* **Task brief**: Print exactly, and only, the lines from the one that has "ブルゾン感覚でご着用いただけるショート丈ブラウス。" through the end of the material below, with both ends included and the pictures omitted.

* **Exercise material**:
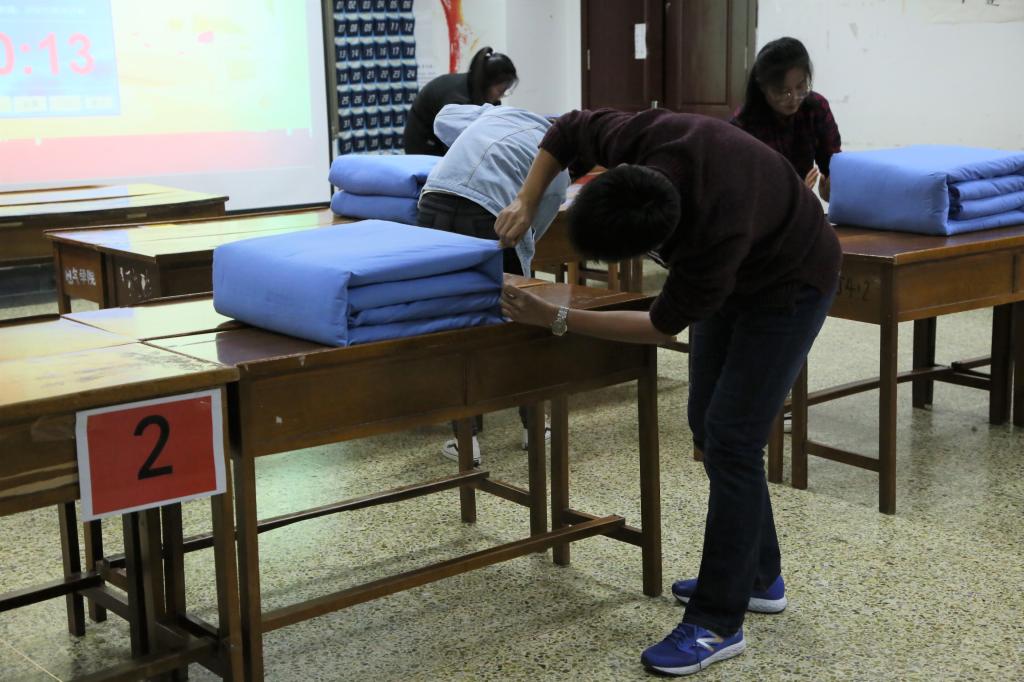 “军人之风,方正之心。”此次比赛旨在培养同学们的自我管理能力和动手实践能力,有利于同学们养成良好的生活习惯和生活方式,对于加强寝室内务管理、促进宿舍文化建设具有积极意义。
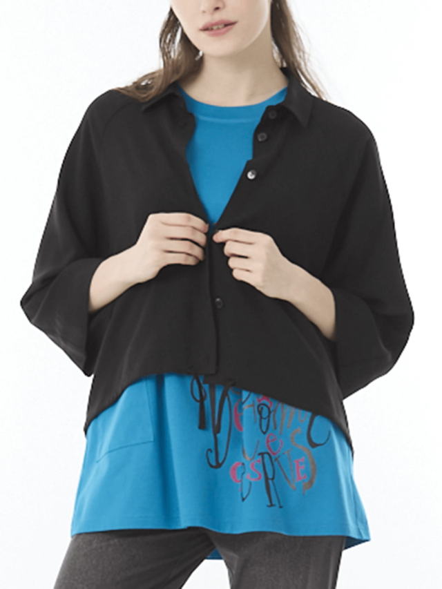 ブルゾン感覚でご着用いただけるショート丈ブラウス。
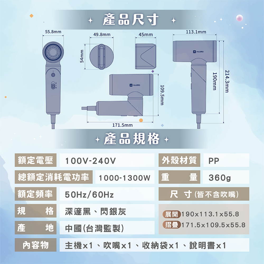 ✨尺寸:〔展開〕190x113.1x55.8mm;〔折疊〕171.5x109.5x55.8
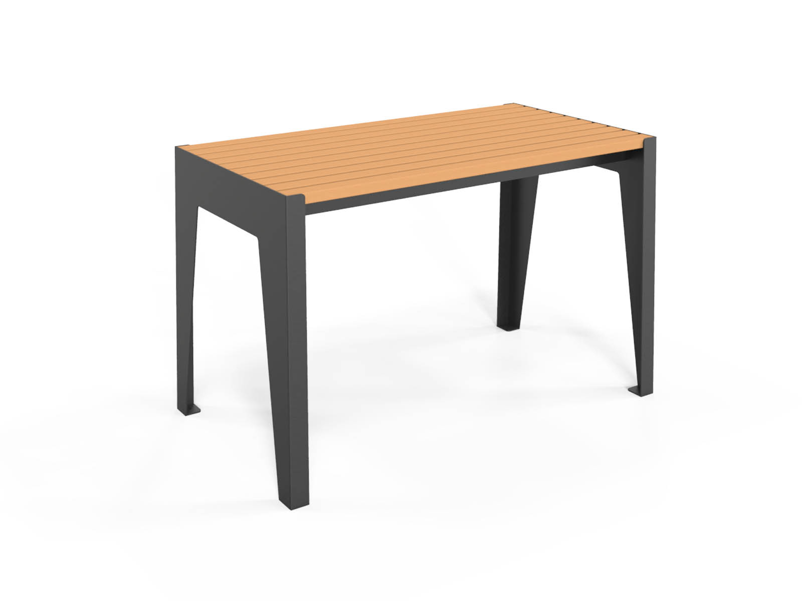 NORD asztal, A vázszerkezet 4mm-es horganyzott acéllemez és egyéb acél elemek felhasználásával készül, kültéri porfesték bevonattal felületkezelve, WPC lécekkel szerelve.
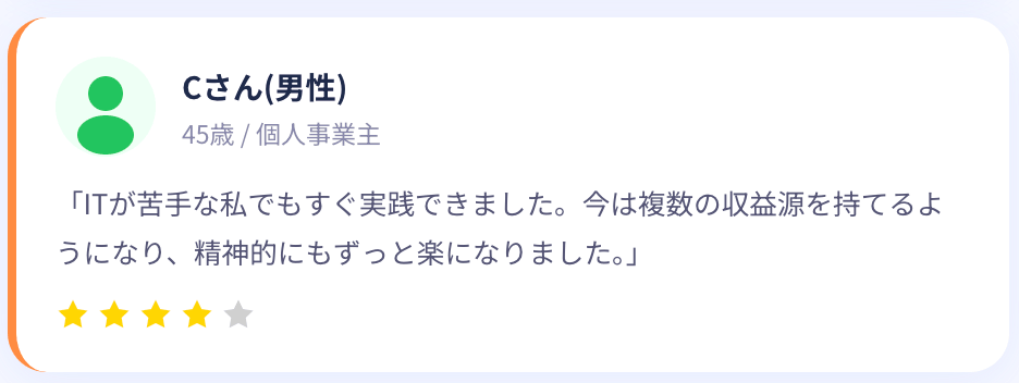 ITが苦手な私でもすぐ実践できました。今は複数の収入源を持てるようになり、精神的にもずっと楽になりました。

* **Worked solution**:
 ブルゾン感覚でご着用いただけるショート丈ブラウス。
 ✨尺寸:〔展開〕190x113.1x55.8mm;〔折疊〕171.5x109.5x55.8
 NORD asztal, A vázszerkezet 4mm-es horganyzott acéllemez és egyéb acél elemek felhasználásával készül, kültéri porfesték bevonattal felületkezelve, WPC lécekkel szerelve.
 ITが苦手な私でもすぐ実践できました。今は複数の収入源を持てるようになり、精神的にもずっと楽になりました。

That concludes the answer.